• **PROBLEM TO SOLVE**: From the line with "Комбинированный препарат. Парацетамол" down to the final line of the material, please transcribe everything exactly, but leave the pictures out.

• **MATERIAL PROVIDED**:
□ □ □

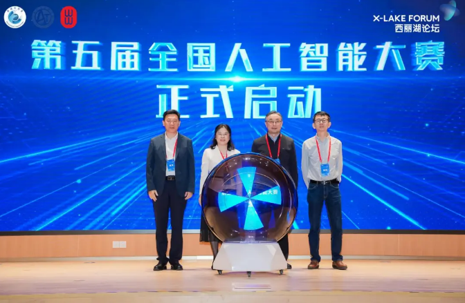 论坛上,杨建坤,新一代人工智能产业技术创新战略联盟联合秘书长张伟民,中国移动咪咕公司副总经理况铁梅,华为计算产品线竞赛负责人李增忠共同启动第五届全国人工智能大赛。
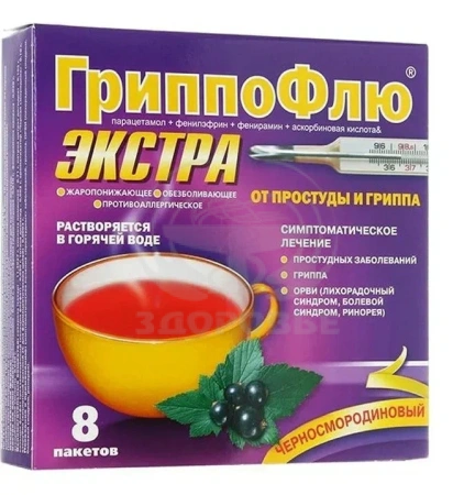Комбинированный препарат. Парацетамол - ненаркотический анальгетик, воздействует на центры боли и терморегуляции. Оказывает анальгезирующее и жаропонижающее действие. Уменьшает головную и мышечные боли, явления лихорадки, смягчает боли в горле. Фенирамин - блокатор Н1-гистаминовых рецепторов, антиаллергическое средство, снижает ринорею и слезотечение, устраняет спастические явления. Фенилэфрин - адреномиметик с умеренным сосудосуживающим действием, уменьшает заложенность носа и облегчает дыхание через нос. Аскорбиновая кислота (витамин С) восполняет повышенную потребность в витамине С при простудных заболеваниях и гриппе, особенно на начальных стадиях заболевания. Повышает устойчивость организма к инфекционным заболеваниям.
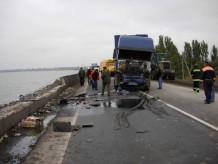 ДТП произошло вечером 21 октября. По предварительным данным ГАИ, фура выехала на встречную полосу и врезался в микроавтобус, груженный товаром, сообщает ТСН.

□ □ □

• **OUTPUT**:
Комбинированный препарат. Парацетамол - ненаркотический анальгетик, воздействует на центры боли и терморегуляции. Оказывает анальгезирующее и жаропонижающее действие. Уменьшает головную и мышечные боли, явления лихорадки, смягчает боли в горле. Фенирамин - блокатор Н1-гистаминовых рецепторов, антиаллергическое средство, снижает ринорею и слезотечение, устраняет спастические явления. Фенилэфрин - адреномиметик с умеренным сосудосуживающим действием, уменьшает заложенность носа и облегчает дыхание через нос. Аскорбиновая кислота (витамин С) восполняет повышенную потребность в витамине С при простудных заболеваниях и гриппе, особенно на начальных стадиях заболевания. Повышает устойчивость организма к инфекционным заболеваниям.
 ДТП произошло вечером 21 октября. По предварительным данным ГАИ, фура выехала на встречную полосу и врезался в микроавтобус, груженный товаром, сообщает ТСН.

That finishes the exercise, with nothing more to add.